By David Firester
January 3, 2013
In the Arab world, promoting violence against the West has long been a tool of both secular dictators and Islamists. As the most recent 9/11
conflagration extinguishes itself in Libya and Egypt it leaves in its wake a smoldering question: why do Middle Eastern protests turn to riots, which in turn direct violence and lethality toward the West? One possible answer, in part, is that there is a large segment of society who are likened to a powder keg filled with a flammable litany of complaints about Western domination. The convenient argument is that this combustible concoction is set ablaze by unpardonable Western depictions of Islam. The ignition, however, is not what you might think it is. It’s not spontaneous rage, but a carefully planned and politically driven activity from within. The former viewpoint is that of the Obama administration, whereas the latter is the focus of this column.

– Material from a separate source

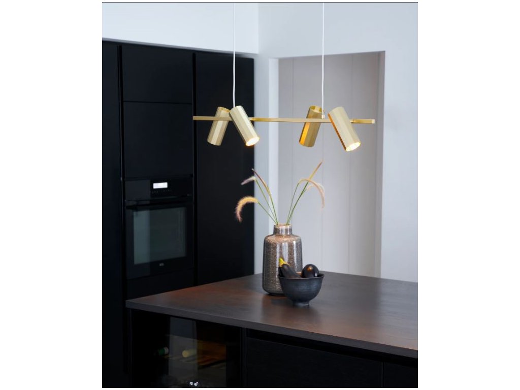 Moderné závesné svietidlo Alanis vás zaujme svojimi štyrmi tienidlami umiestnenými na lište.
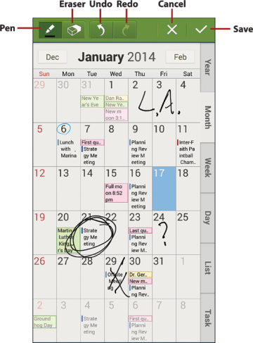 En el note 4 había una opción que te permitía escribir encima del calendario.

So, what were some of the antecedents leading up to the events of 11 September 2012? A film trailer for “Innocence of Muslims”, which mocked Islam’s Prophet Muhammad, had debuted on youtube.com in July 2012. Egypt’s ruling Muslim Brotherhood, as well as the Grand Mufti, Ali Gomaa, had ensured that attention was granted to it on 9 September. It was later broadcast on Egyptian television’s Salafist station, Al-Nas, with Arabic subtitles. This “information operation” appears to have been part of a mutual effort between the Egyptian Salafist Nour party and the ruling Muslim Brotherhood party in Egypt to outmaneuver each other. Salafist soccer club allies, dubbed the “Ultras”, also vociferously promulgated the video on the internet (on 10 September) and called for a march on the American embassy to take place on 11 September. Protests, riots, murder and a planned assassination in Libya followed.
The grossly oversimplified explanation offered by the Obama administration is that such anti-Western violence is the result of Western insensitivity. The West is often promoted as a target for the sake of domestic power consolidation. Arguably, there are external triggers, but the people who pull them are of domestic origin. Therefore, it is no surprise that Arab rage is focused externally rather than internally. Recently, however, the so-called Arab Spring has created a space for Arab introspection and consequently a “battle for the soul of Islam” (the title of a recent book by Dr. M. Zuhdi Jasser, A Battle for the Soul of Islam: an American Muslim Patriot’s Fight to Save his Faith, [New York: Threshold Editions/Simon & Shuster, 2012]). The Islamists are currently exploiting this, while consolidating their domestic power in promoting the external bogeyman.
Political Islam is engaged in a bout between co-religionists: the right wing (Muslim Brotherhood) vs. the ultra-right wing (Salafists). As Jytte Klausen points out, in the past the secular dictatorships could evoke the rage of the far right (as long as it focused on an external threat to Islam) in order to come out victorious. This enabled power consolidation in two ways: (1) By producing the conditions for enacting repression, (2) thereby casting Islamists in the light of a dangerous threat to peace. Now it appears that the so-called “moderate” Islamists (The Muslim Brotherhood) are committed to a similar tactic with their extreme Islamist opponents (Salafists).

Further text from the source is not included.